Aduhai, entri terakhir adalah dari Senin sedangkan sekarang adalah hari terakhir minggu ini. [Bilakah suatu minggu diawali, pada Minggu atau Senin?] Bila Senin itu aku menulis di lantai 2 STR, pagi ini aku menulis di lantai 4 Gedung D FHUI. Jika kutolehkan kepalaku ke arah kiri dan memandang lurus ke selatan, bukan lagi puncak-puncak pepohonan—dan kaki langit yang tak-tampak karenanya—yang kelihatan, melainkan bangunan-bangunan tinggi! Awal 2006 di arah yang sama hanya terlihat ujung Depok Town Square yang sok cerdik itu.
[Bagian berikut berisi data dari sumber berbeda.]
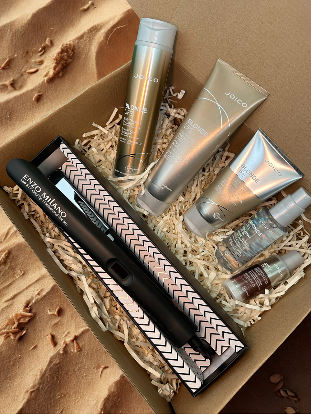 Incluye: JOICO Blonde Life Brightening Shampoo 300 ml, JOICO Blonde Life Brightening Conditioner 250 ml, JOICO Blonde Life Brightening Masque 150 ml, JOICO Blonde Life Brightening Oil 100 ml y JOICO Defy Damage Protective Shield 50 ml. y 1 Plancha Profesional Enzo Milano a elección (5 modelos disponibles).
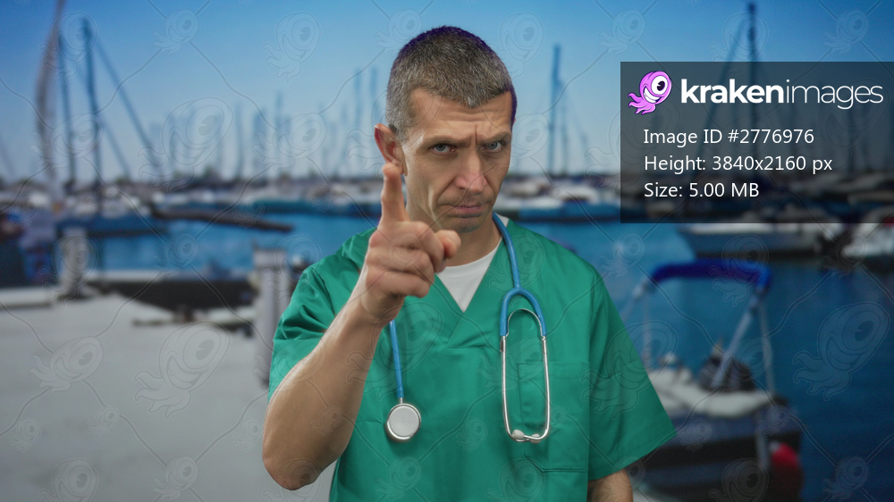 Caucasian male doctor with stethoscope wearing uniform points finger at camera by the seaside port with boats and marina background under clear outdoor sky. - Kraken Images
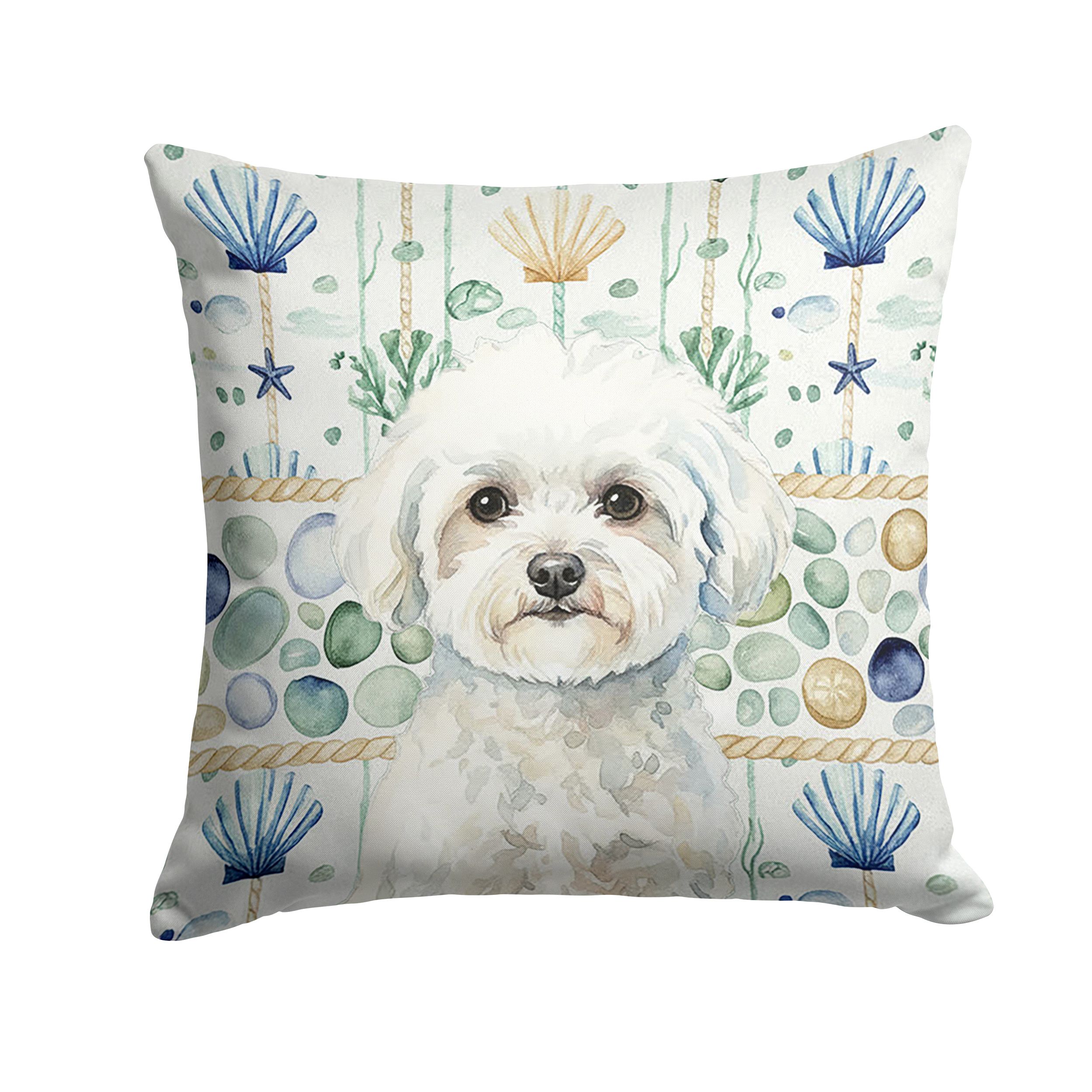 Bichon Frise Coastal Sea Glass Throw Pillow Decorative Indoor Outdoor Accent Cushion for Couch, Bed or Patio, 14Hx14W
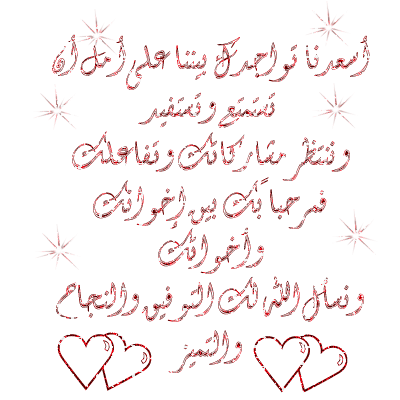 أخوتنا الأحباء أهلا وسهلا فيكم وناطرين مشاركاتكم وتفاعلكم معنا عن قريب كتير
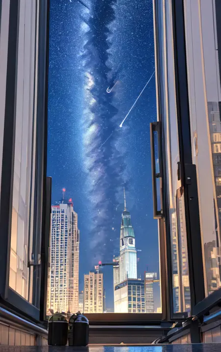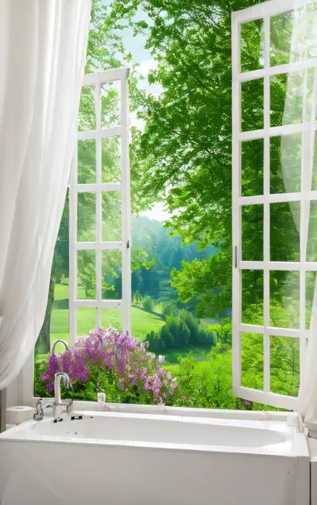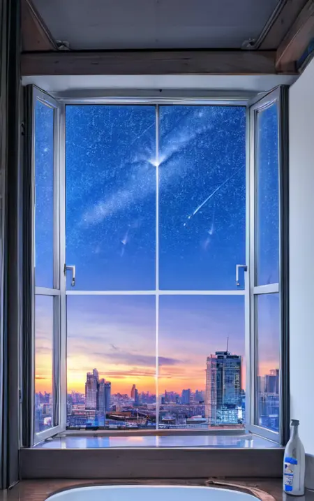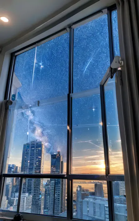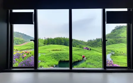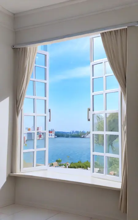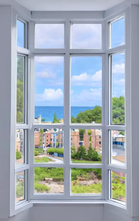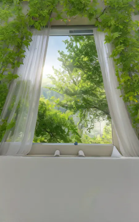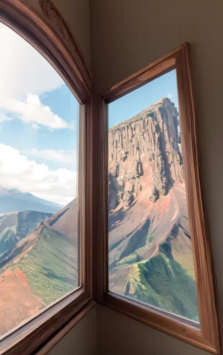 Using the prompt "window", generate a random scenery outside the window. This can be used as wallpaper and will help you start your day with a positive mood.

Kini di belakangnya, ke arah barat sudah berdiri apartemen entah berapa lantai. Lebih ke barat lagi, di dalam lingkungan Universitas Indonesia ada bangunan the Development of the World Class University. (sic!) Latar depan pemandangan ini, yaitu di sebelah selatan Masjid Ukhuwah Islamiyah terdapat bangunan mangkrak yang kalau tidak salah adalah sekolah seni yang tidak jadi. Dari arah selatan, jika pandangan diputar ke arah kiri atau timur, maka akan tampak Hotel Margo yang berdiri di bekas lapangan futsal Margo City—yang tampaknya tidak laku.
Hei, bahkan Gunadarma Pondok Cina pun kini punya bangunan tinggi! Tidak usah jauh-jauh. Aku masih ingat dari jendela selatan JHP ini dahulu aku masih bisa memandangi rumpun bambu di belakang mesjid yang lumayan rimbunnya. Lalu ada hutan Jati Super Monfori yang ditanam di tanah kosong tempatku dulu mencetak beberapa gol. Dulu. Selalu saja dulu, sedang yang kubicarakan ini adalah dari sepuluh tahun lalu ketika dampak perubahan iklim belum seterasa ini. [atau ini sekadar aku yang sudah bertambah tua sepuluh tahun?]
Bukan aku tidak percaya perubahan iklim, Bang Andri. Bukan begitu. Aku percaya perubahan iklim sedang terjadi. Aku termasuk golongan orang-orang yang bersikap, “tentu saja begitu,” bukan yang “ah, mustahil—secara aku jadi orang fatalistik-eskatologik. Nah, sesuai dengannya pula, yang aku tidak percaya adalah jika perubahan iklim ini terjadi semata karena sebab-sebab antropogenik. Iklim bertambah panas karena manusia terlalu banyak membakar bahan bakar fosil? Berikan padaku patah! Sampai kapan kalian manusia masih akan berpikir bahwa kalian bisa mengendalikan apapun?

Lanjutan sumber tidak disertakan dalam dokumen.